Images aside, the whole listing should be written out word for word.
=== PROVIDED DATA ===
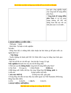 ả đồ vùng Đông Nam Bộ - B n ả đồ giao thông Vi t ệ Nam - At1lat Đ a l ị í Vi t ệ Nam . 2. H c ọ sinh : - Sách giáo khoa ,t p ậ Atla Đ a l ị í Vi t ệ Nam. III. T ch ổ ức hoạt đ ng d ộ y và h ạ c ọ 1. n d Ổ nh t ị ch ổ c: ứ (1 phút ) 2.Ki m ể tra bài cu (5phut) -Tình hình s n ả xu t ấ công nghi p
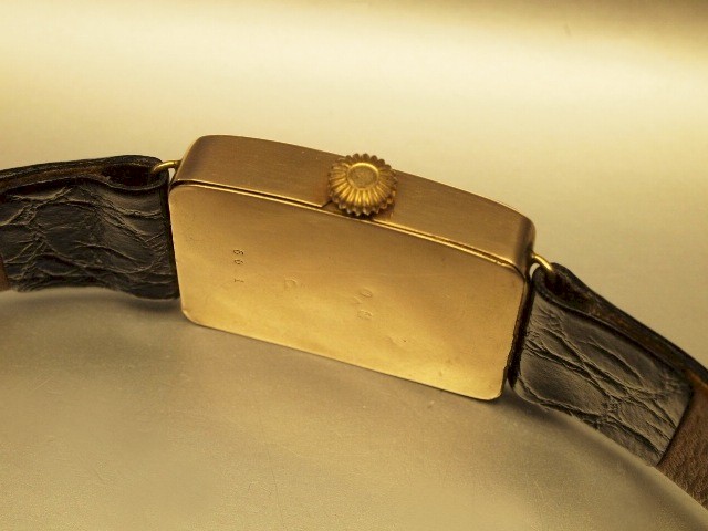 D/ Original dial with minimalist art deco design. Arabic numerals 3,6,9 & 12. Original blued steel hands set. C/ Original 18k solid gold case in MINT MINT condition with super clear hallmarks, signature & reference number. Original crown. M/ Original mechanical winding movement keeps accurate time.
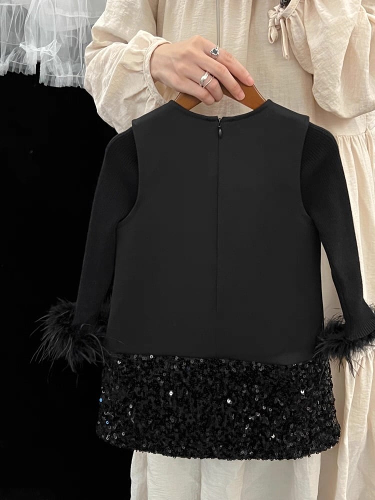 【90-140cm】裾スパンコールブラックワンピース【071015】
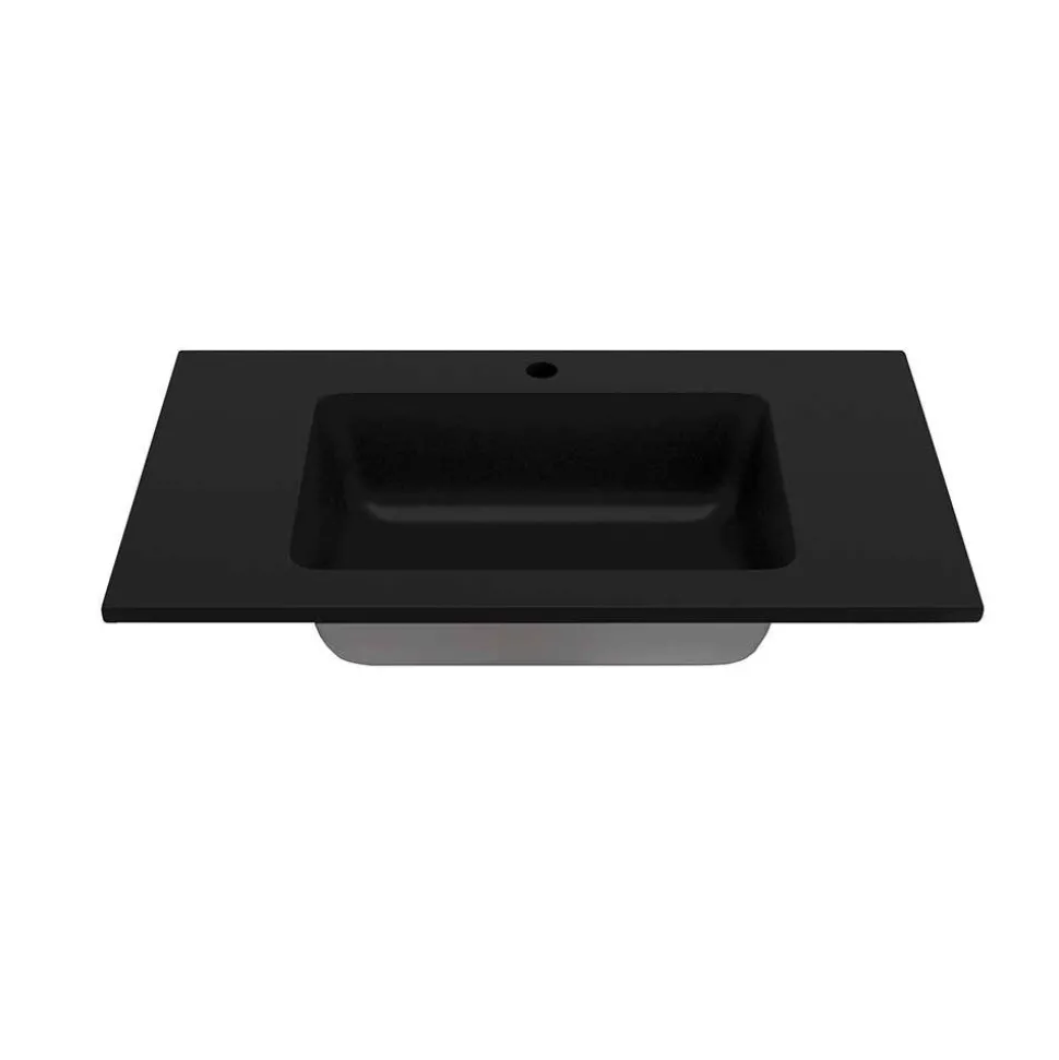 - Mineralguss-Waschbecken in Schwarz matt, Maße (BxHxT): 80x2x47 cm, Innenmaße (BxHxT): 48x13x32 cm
===
# ANSWER FOR THIS EXERCISE
 ả đồ vùng Đông Nam Bộ - B n ả đồ giao thông Vi t ệ Nam - At1lat Đ a l ị í Vi t ệ Nam . 2. H c ọ sinh : - Sách giáo khoa ,t p ậ Atla Đ a l ị í Vi t ệ Nam. III. T ch ổ ức hoạt đ ng d ộ y và h ạ c ọ 1. n d Ổ nh t ị ch ổ c: ứ (1 phút ) 2.Ki m ể tra bài cu (5phut) -Tình hình s n ả xu t ấ công nghi p
 D/ Original dial with minimalist art deco design. Arabic numerals 3,6,9 & 12. Original blued steel hands set. C/ Original 18k solid gold case in MINT MINT condition with super clear hallmarks, signature & reference number. Original crown. M/ Original mechanical winding movement keeps accurate time.
 【90-140cm】裾スパンコールブラックワンピース【071015】
 - Mineralguss-Waschbecken in Schwarz matt, Maße (BxHxT): 80x2x47 cm, Innenmaße (BxHxT): 48x13x32 cm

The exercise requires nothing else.